── Data for processing ──

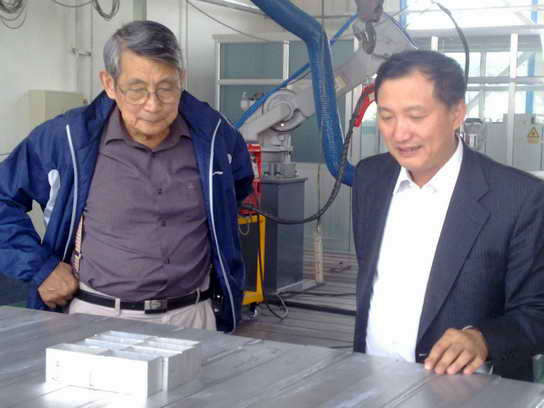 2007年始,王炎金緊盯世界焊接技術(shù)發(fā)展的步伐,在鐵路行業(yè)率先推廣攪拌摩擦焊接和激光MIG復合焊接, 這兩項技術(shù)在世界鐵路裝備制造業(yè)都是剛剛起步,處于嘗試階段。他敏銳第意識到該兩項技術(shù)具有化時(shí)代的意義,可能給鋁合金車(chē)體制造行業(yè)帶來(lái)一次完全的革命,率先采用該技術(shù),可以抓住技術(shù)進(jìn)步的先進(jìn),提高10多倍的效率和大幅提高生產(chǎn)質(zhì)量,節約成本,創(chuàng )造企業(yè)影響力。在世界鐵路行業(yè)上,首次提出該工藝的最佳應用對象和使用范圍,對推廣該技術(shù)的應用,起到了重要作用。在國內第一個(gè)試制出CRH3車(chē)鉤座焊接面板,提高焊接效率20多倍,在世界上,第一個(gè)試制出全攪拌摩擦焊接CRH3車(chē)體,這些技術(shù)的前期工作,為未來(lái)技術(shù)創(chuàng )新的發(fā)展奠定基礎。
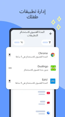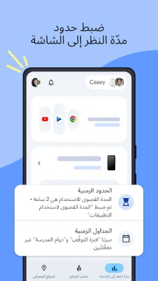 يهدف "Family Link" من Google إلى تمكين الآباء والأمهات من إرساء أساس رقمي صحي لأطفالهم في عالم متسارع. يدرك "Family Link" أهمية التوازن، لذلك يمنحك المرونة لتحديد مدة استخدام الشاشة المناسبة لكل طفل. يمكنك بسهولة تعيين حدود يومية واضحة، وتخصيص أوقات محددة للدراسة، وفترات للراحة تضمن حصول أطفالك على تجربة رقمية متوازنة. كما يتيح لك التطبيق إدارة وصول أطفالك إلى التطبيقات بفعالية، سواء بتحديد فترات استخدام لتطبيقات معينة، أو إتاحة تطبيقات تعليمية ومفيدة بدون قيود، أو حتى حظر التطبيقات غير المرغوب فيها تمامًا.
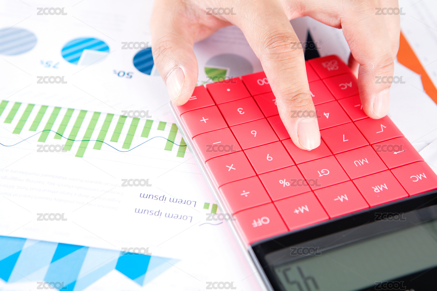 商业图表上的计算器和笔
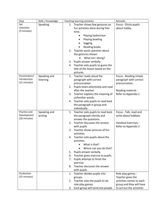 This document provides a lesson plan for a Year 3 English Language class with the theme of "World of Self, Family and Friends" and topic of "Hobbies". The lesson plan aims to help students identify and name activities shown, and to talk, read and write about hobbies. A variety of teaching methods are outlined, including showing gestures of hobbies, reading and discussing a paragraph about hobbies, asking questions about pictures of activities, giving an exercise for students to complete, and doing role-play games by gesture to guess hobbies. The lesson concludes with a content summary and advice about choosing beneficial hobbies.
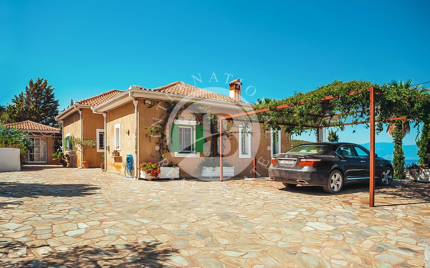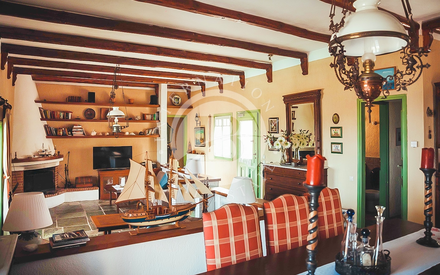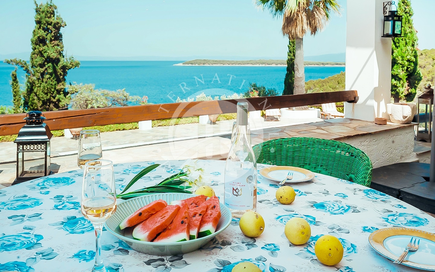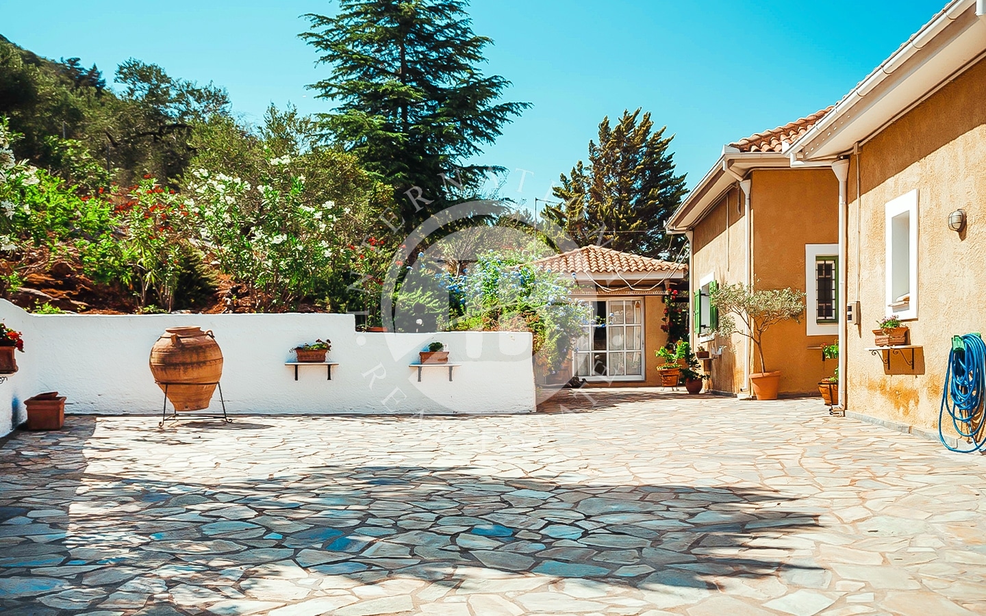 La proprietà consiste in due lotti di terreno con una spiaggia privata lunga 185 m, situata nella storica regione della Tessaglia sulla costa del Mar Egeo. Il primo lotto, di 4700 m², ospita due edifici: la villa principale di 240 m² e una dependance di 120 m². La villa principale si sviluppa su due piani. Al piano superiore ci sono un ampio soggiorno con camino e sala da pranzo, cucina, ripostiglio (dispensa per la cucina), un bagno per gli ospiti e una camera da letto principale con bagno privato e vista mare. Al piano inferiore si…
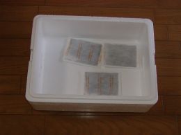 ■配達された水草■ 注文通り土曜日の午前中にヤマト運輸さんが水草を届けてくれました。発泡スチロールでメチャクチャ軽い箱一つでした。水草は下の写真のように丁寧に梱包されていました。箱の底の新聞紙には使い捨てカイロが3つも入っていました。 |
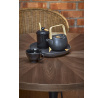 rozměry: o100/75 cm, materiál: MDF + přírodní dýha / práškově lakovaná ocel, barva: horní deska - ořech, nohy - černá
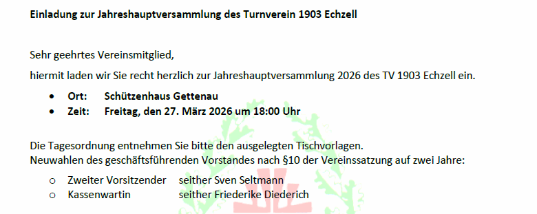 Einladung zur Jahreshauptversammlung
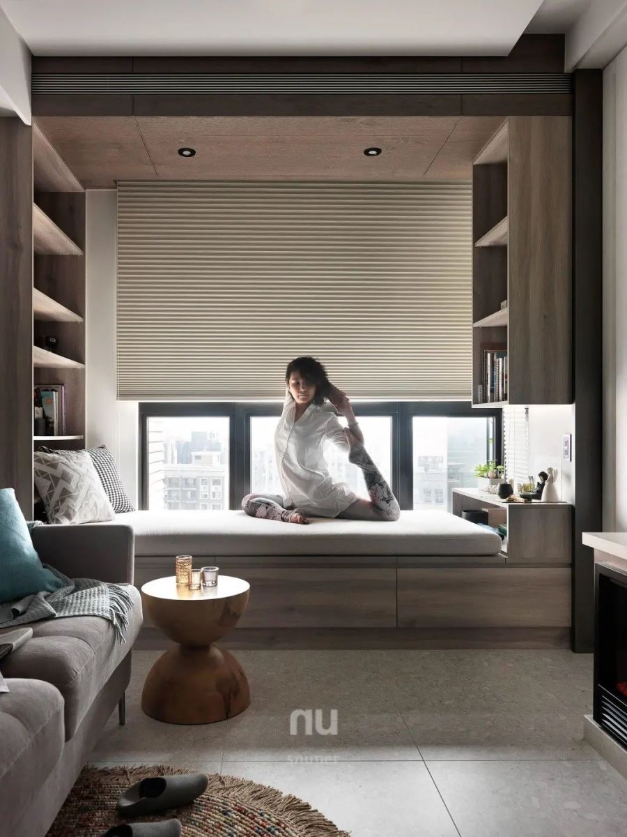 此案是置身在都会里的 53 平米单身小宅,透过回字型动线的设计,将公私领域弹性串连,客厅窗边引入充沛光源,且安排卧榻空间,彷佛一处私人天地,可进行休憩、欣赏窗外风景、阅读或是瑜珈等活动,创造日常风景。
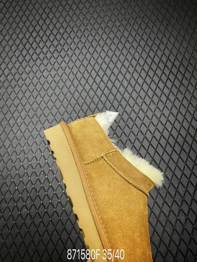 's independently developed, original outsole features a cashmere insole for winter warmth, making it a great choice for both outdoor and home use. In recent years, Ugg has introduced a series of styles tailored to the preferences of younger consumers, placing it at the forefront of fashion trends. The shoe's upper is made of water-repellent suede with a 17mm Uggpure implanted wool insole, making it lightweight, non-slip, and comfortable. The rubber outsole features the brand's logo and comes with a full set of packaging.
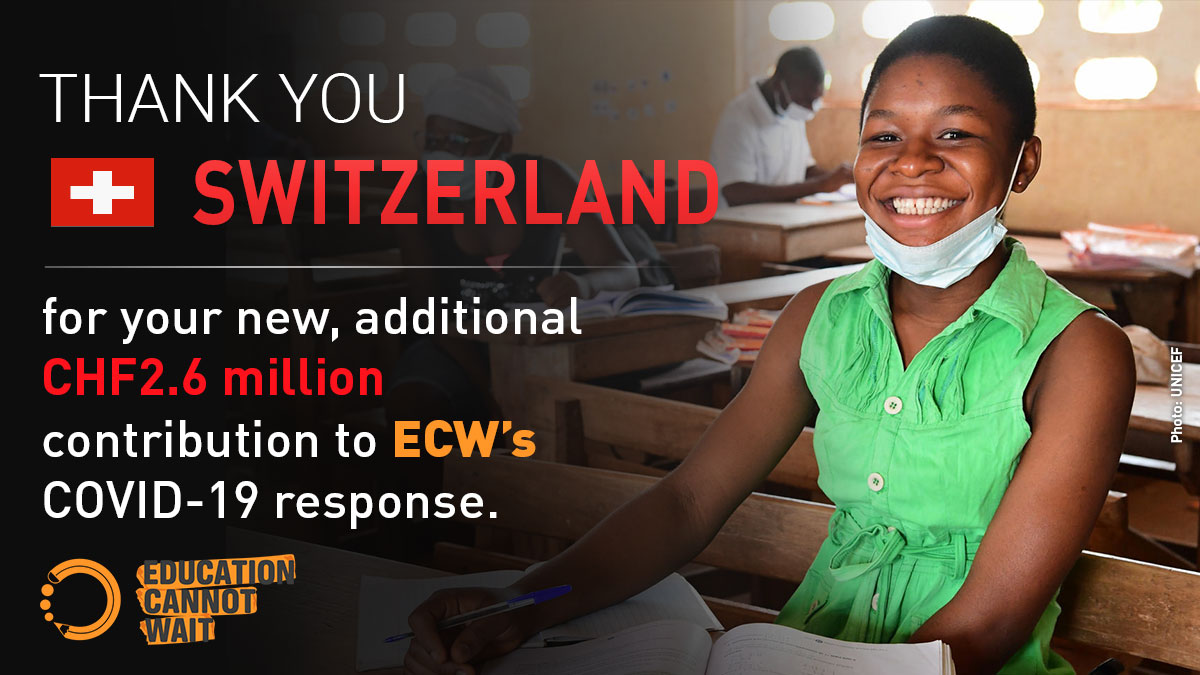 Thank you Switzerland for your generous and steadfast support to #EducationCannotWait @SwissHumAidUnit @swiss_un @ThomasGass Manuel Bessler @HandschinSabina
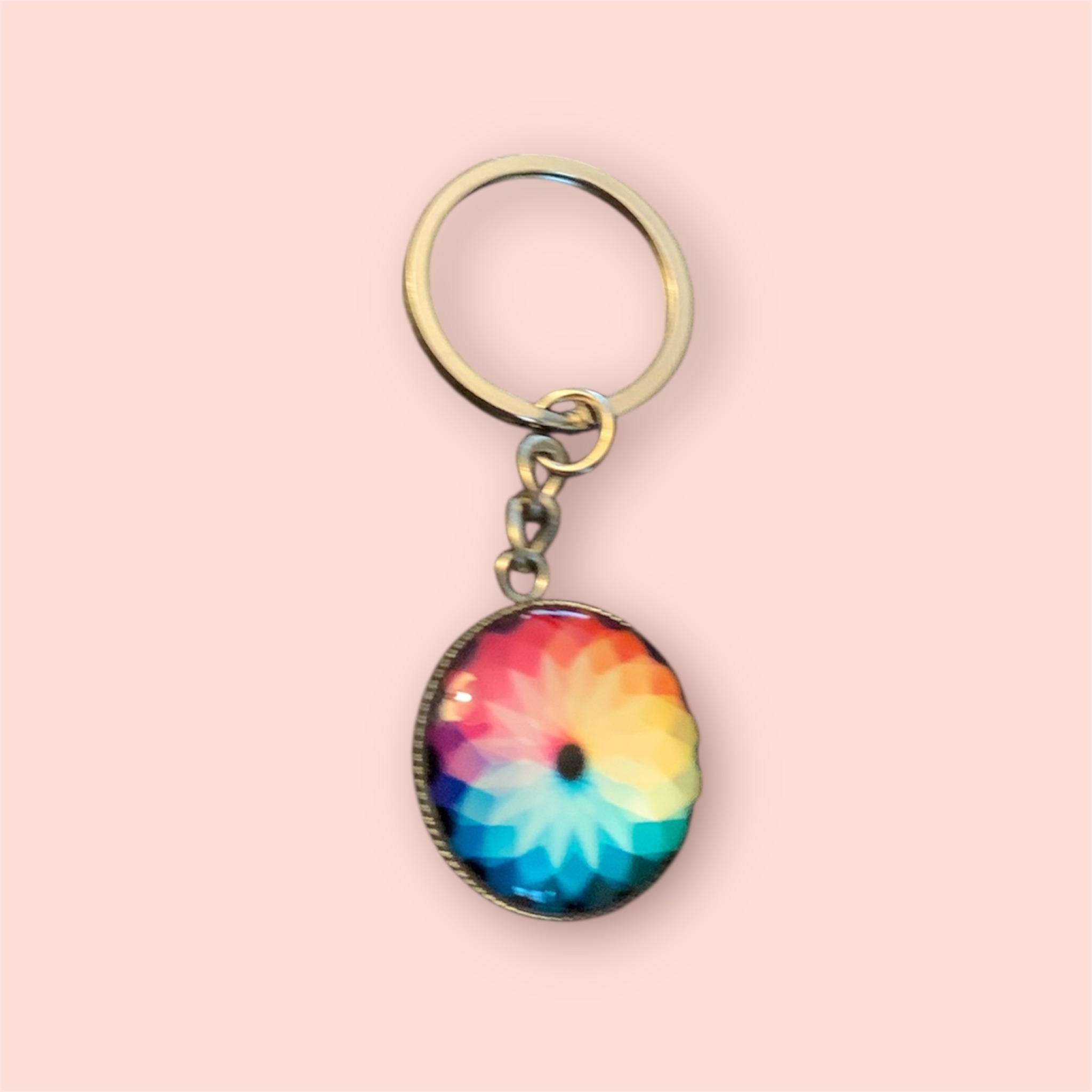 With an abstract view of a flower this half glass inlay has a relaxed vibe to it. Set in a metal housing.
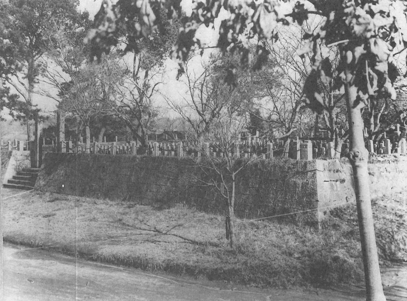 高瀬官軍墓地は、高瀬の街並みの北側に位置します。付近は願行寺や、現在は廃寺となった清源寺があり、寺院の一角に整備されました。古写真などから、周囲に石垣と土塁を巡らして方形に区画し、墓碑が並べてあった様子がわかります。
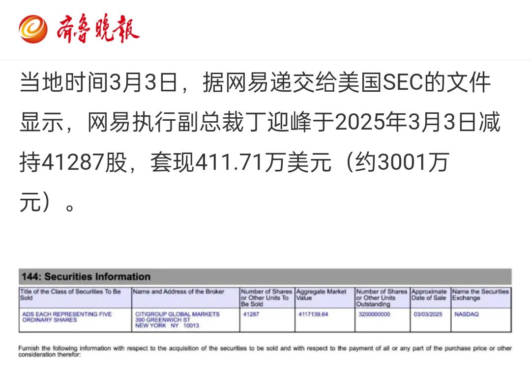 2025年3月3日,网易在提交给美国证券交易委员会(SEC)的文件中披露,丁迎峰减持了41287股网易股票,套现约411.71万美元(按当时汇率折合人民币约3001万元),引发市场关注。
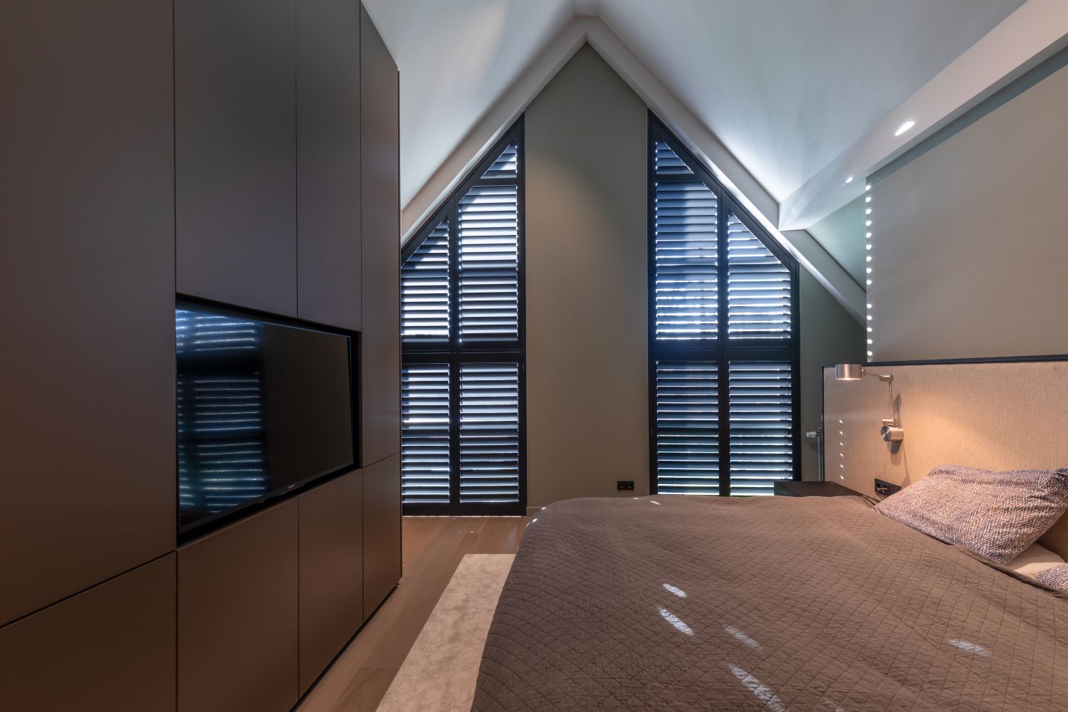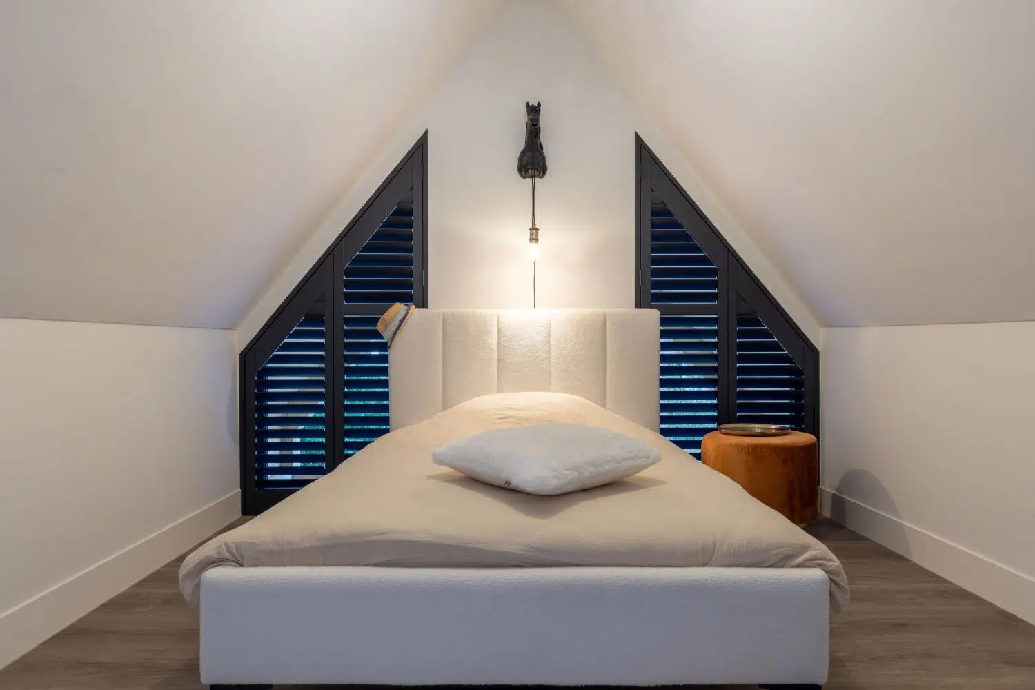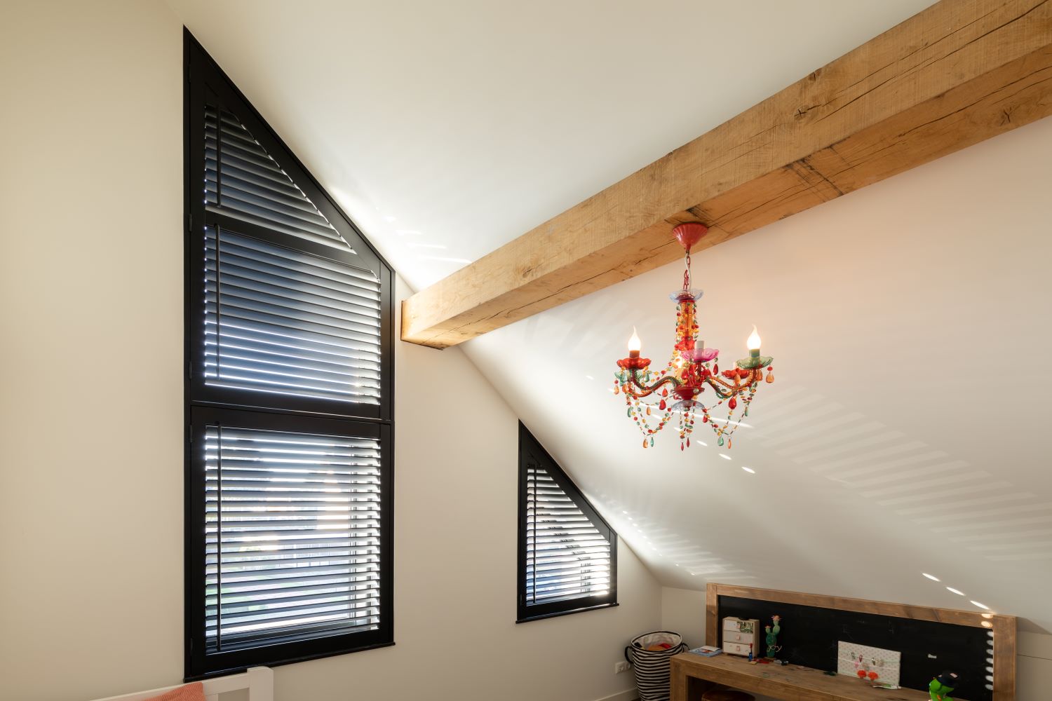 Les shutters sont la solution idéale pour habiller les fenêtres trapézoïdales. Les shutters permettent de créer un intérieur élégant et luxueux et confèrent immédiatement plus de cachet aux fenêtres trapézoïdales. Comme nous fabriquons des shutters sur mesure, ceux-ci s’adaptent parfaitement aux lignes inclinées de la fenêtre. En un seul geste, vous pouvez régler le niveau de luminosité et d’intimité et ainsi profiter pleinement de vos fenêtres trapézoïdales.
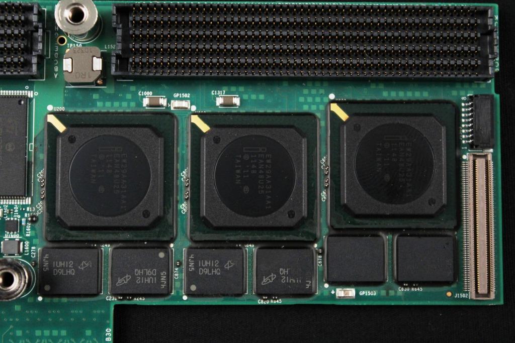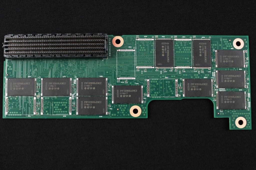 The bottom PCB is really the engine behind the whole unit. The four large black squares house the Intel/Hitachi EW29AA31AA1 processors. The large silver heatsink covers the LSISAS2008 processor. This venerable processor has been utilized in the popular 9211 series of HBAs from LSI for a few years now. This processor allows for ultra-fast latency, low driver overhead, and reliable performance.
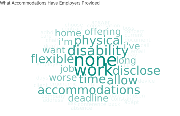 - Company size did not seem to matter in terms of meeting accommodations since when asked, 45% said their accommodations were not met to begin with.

───

• What the task requires: Out of the records above, set down only the lines from the one that contains "Thank you Switzerland" through the one that contains "Les shutters sont", unchanged and without the pictures.

• Solution to the problem:
 Thank you Switzerland for your generous and steadfast support to #EducationCannotWait @SwissHumAidUnit @swiss_un @ThomasGass Manuel Bessler @HandschinSabina
 With an abstract view of a flower this half glass inlay has a relaxed vibe to it. Set in a metal housing.
 高瀬官軍墓地は、高瀬の街並みの北側に位置します。付近は願行寺や、現在は廃寺となった清源寺があり、寺院の一角に整備されました。古写真などから、周囲に石垣と土塁を巡らして方形に区画し、墓碑が並べてあった様子がわかります。
 2025年3月3日,网易在提交给美国证券交易委员会(SEC)的文件中披露,丁迎峰减持了41287股网易股票,套现约411.71万美元(按当时汇率折合人民币约3001万元),引发市场关注。
 Les shutters sont la solution idéale pour habiller les fenêtres trapézoïdales. Les shutters permettent de créer un intérieur élégant et luxueux et confèrent immédiatement plus de cachet aux fenêtres trapézoïdales. Comme nous fabriquons des shutters sur mesure, ceux-ci s’adaptent parfaitement aux lignes inclinées de la fenêtre. En un seul geste, vous pouvez régler le niveau de luminosité et d’intimité et ainsi profiter pleinement de vos fenêtres trapézoïdales.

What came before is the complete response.